Nothing but the pictures should go missing; return all the entries below exactly.
─── Task data ───
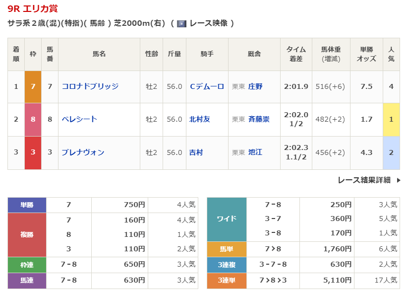 ◎コロナドブリッジ(4人気)1着 単勝750円、複勝160円
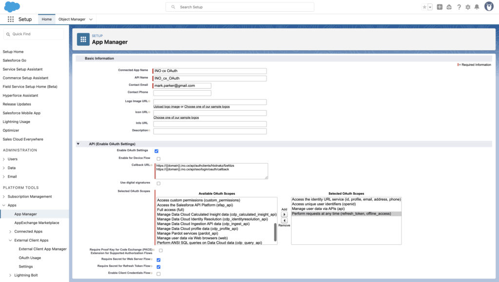 The connector requires configuration both on the Salesforce side (package installation, connected app, custom fields) and on the INO cx side (authentication method, CRM v2 setup, scenarios, and profile association).
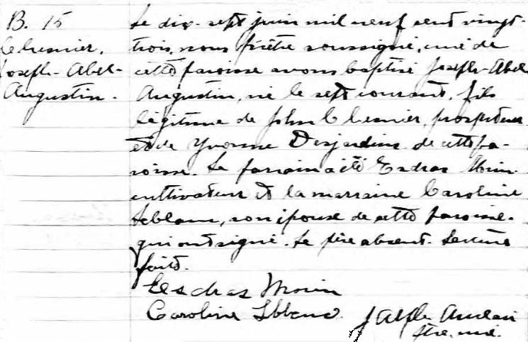 Baptism record of Joseph Abel Augustin Chesnier
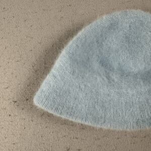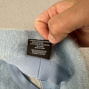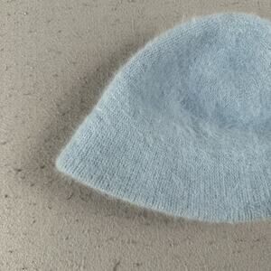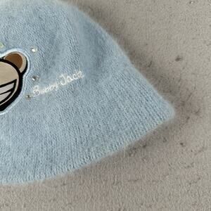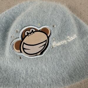 Y2K Bobby Jack Girls Fuzzy Angora Beanie Hat Blue Monkey Embroidered Knit Retro
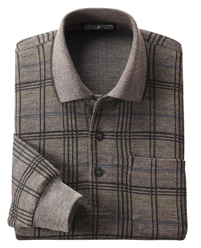 Polo Größe Lang Wolle Hergestellt in Kariert Stretch Braun [Little Island] Herrenhemd, L, Braun, Ärmel, Jacquard, Mischung, Japan, Wolle, Muster, Jacquard,
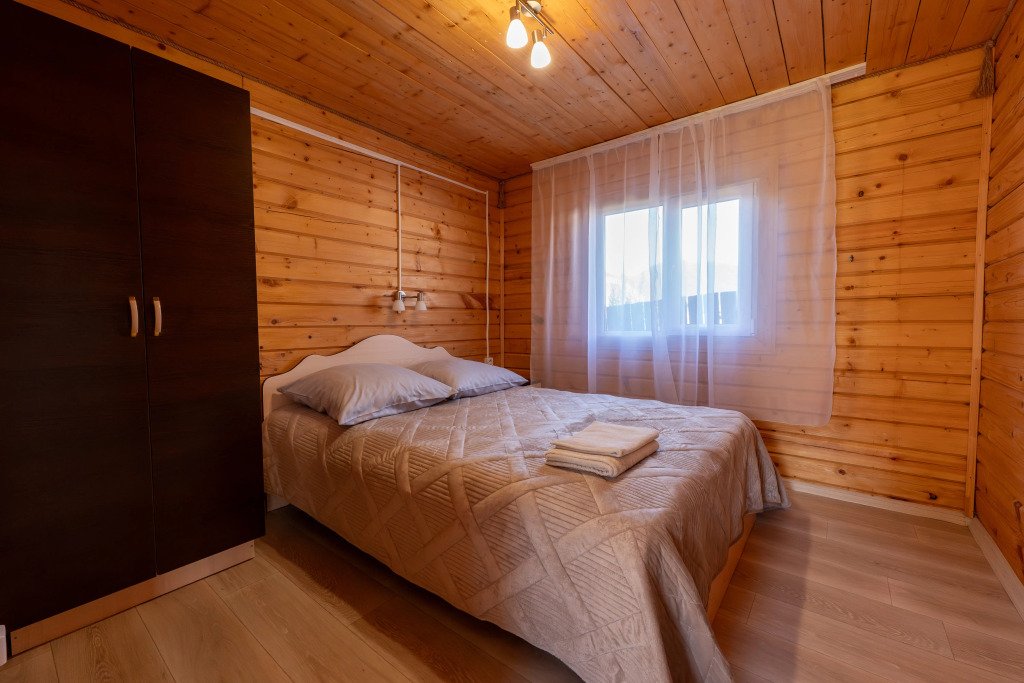 Уютный коттедж с 2 основными и 2 дополнительными спальными местами. Два коттеджа находятся под одной крышей с входом с противоположной стороны. Комната с большой двуспальной кроватью и диваном-кроватью, прихожая, санузел с душевой кабиной, холодная и горячая вода круглосуточно. Современные удобства: холодильник, чайник, чайная пара, телевизор с плоским экраном.
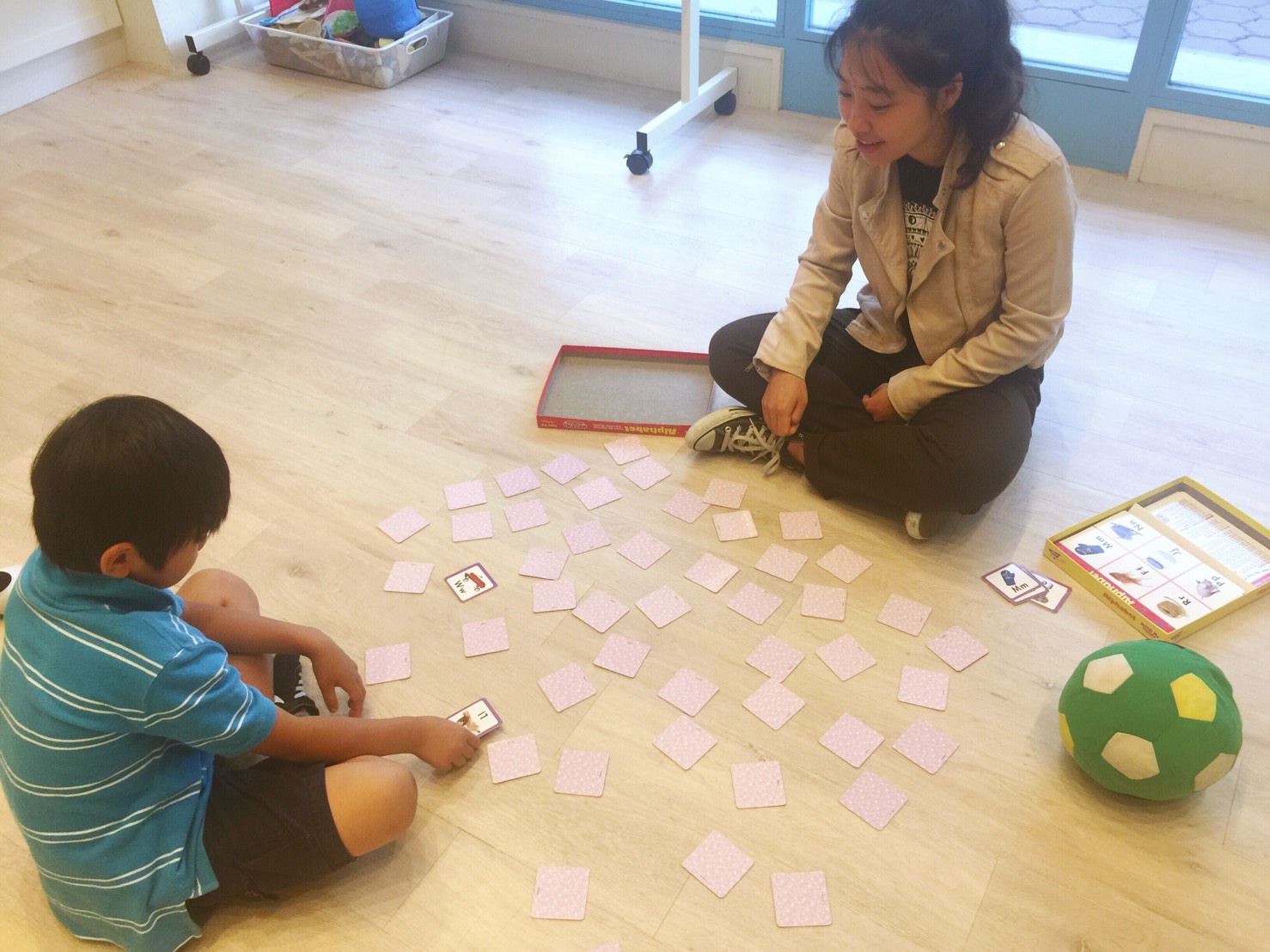 キッズパスポートに来てから、宿題がなかったり終わった生徒さんは、レベルに分かれて基礎レッスン。ビギナー生徒さんたちは、アルファベットの練習。読んだり、書いたり、神経衰弱をしたり。
───
• [Written response]
 ◎コロナドブリッジ(4人気)1着 単勝750円、複勝160円
 The connector requires configuration both on the Salesforce side (package installation, connected app, custom fields) and on the INO cx side (authentication method, CRM v2 setup, scenarios, and profile association).
 Baptism record of Joseph Abel Augustin Chesnier
 Y2K Bobby Jack Girls Fuzzy Angora Beanie Hat Blue Monkey Embroidered Knit Retro
 Polo Größe Lang Wolle Hergestellt in Kariert Stretch Braun [Little Island] Herrenhemd, L, Braun, Ärmel, Jacquard, Mischung, Japan, Wolle, Muster, Jacquard,
 Уютный коттедж с 2 основными и 2 дополнительными спальными местами. Два коттеджа находятся под одной крышей с входом с противоположной стороны. Комната с большой двуспальной кроватью и диваном-кроватью, прихожая, санузел с душевой кабиной, холодная и горячая вода круглосуточно. Современные удобства: холодильник, чайник, чайная пара, телевизор с плоским экраном.
 キッズパスポートに来てから、宿題がなかったり終わった生徒さんは、レベルに分かれて基礎レッスン。ビギナー生徒さんたちは、アルファベットの練習。読んだり、書いたり、神経衰弱をしたり。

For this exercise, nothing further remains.